| What you should do |
Omit the pictures, please, and give each record below again exactly.
+++ The input +++
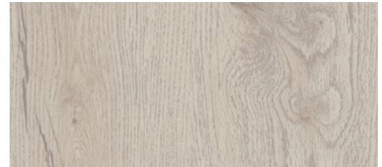
1011 White Oak
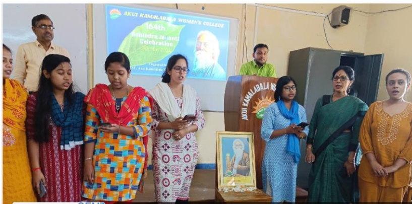
CELEBRATION OF RABINDRA JAYANTI
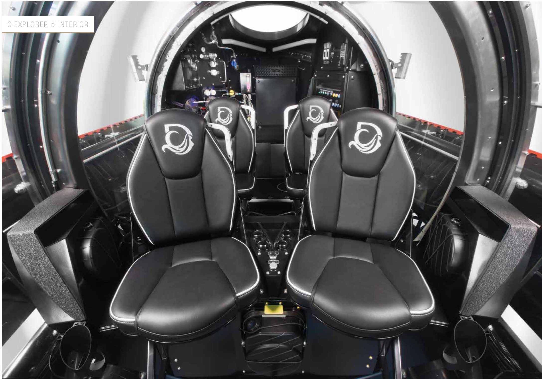
C-EXPLORER 5 INTERIOR
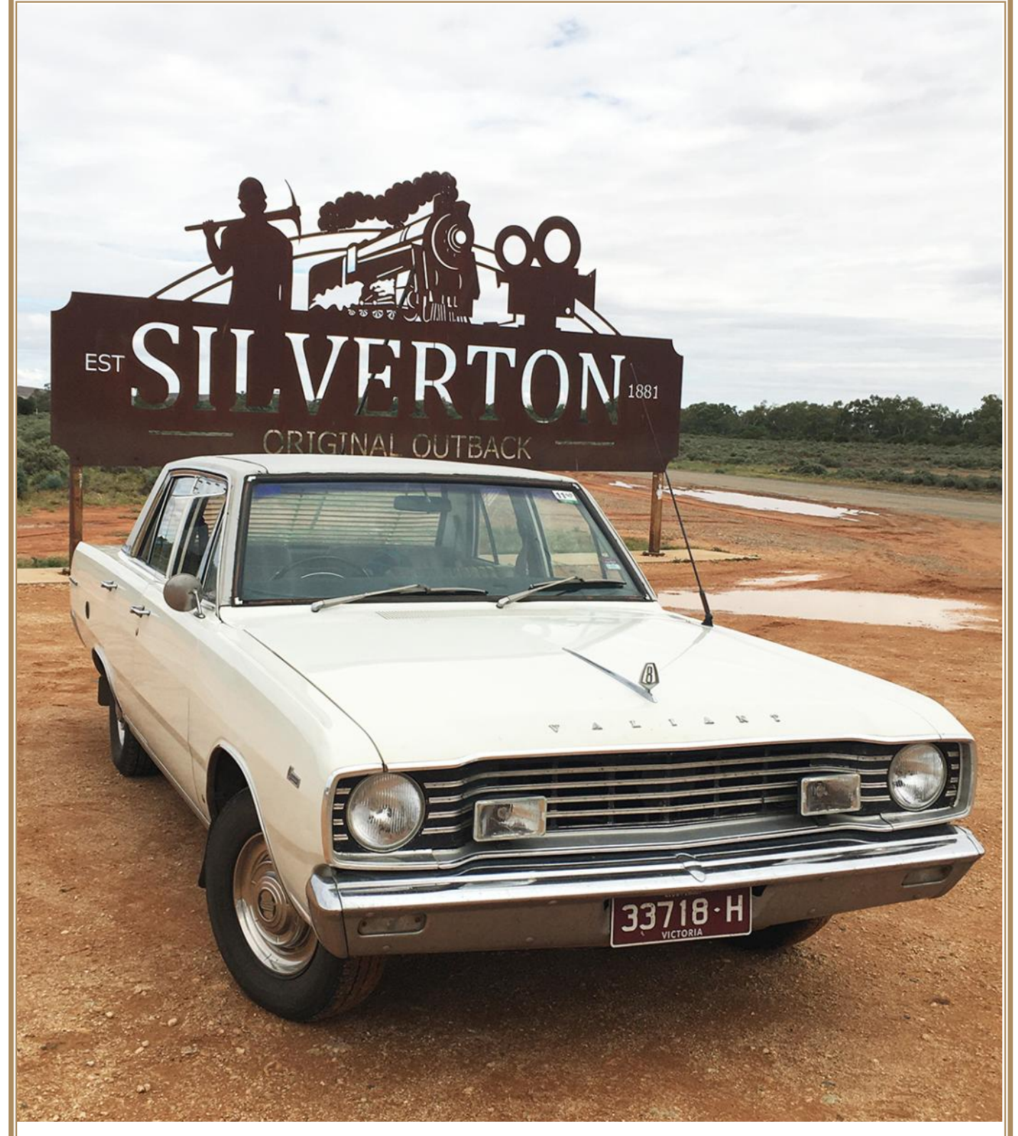
Manny & Lil Vella's 1967 Valiant on the Broken Hill Rally, Easter 2024.

PO Box 200 Newcomb VIC 3219. Clubroom: Showgrounds, 79 Breakwater Rd East Geelong. Club meetings: 7.30pm 2<sup>nd</sup> Tues each month.
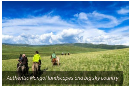
Authentic Mongol landscapes and big sky country
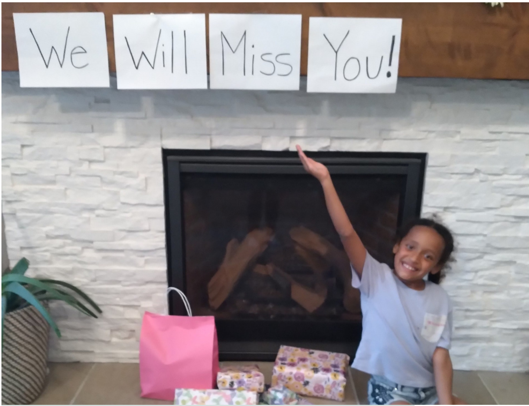
Sweet "Goodbyes" captured by a Host Family!

of God's GOODNESS shared by those served and those who get to serve!
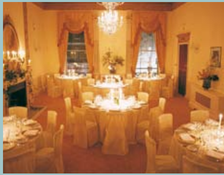
THE HEGGIE ROOM
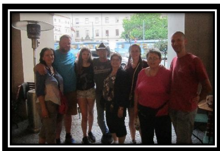
Group photo with Polashek relatives
+++
| Answer to this task |
1011 White Oak
CELEBRATION OF RABINDRA JAYANTI
C-EXPLORER 5 INTERIOR
Manny & Lil Vella's 1967 Valiant on the Broken Hill Rally, Easter 2024.

PO Box 200 Newcomb VIC 3219. Clubroom: Showgrounds, 79 Breakwater Rd East Geelong. Club meetings: 7.30pm 2<sup>nd</sup> Tues each month.
Authentic Mongol landscapes and big sky country
Sweet "Goodbyes" captured by a Host Family!

of God's GOODNESS shared by those served and those who get to serve!
THE HEGGIE ROOM
Group photo with Polashek relatives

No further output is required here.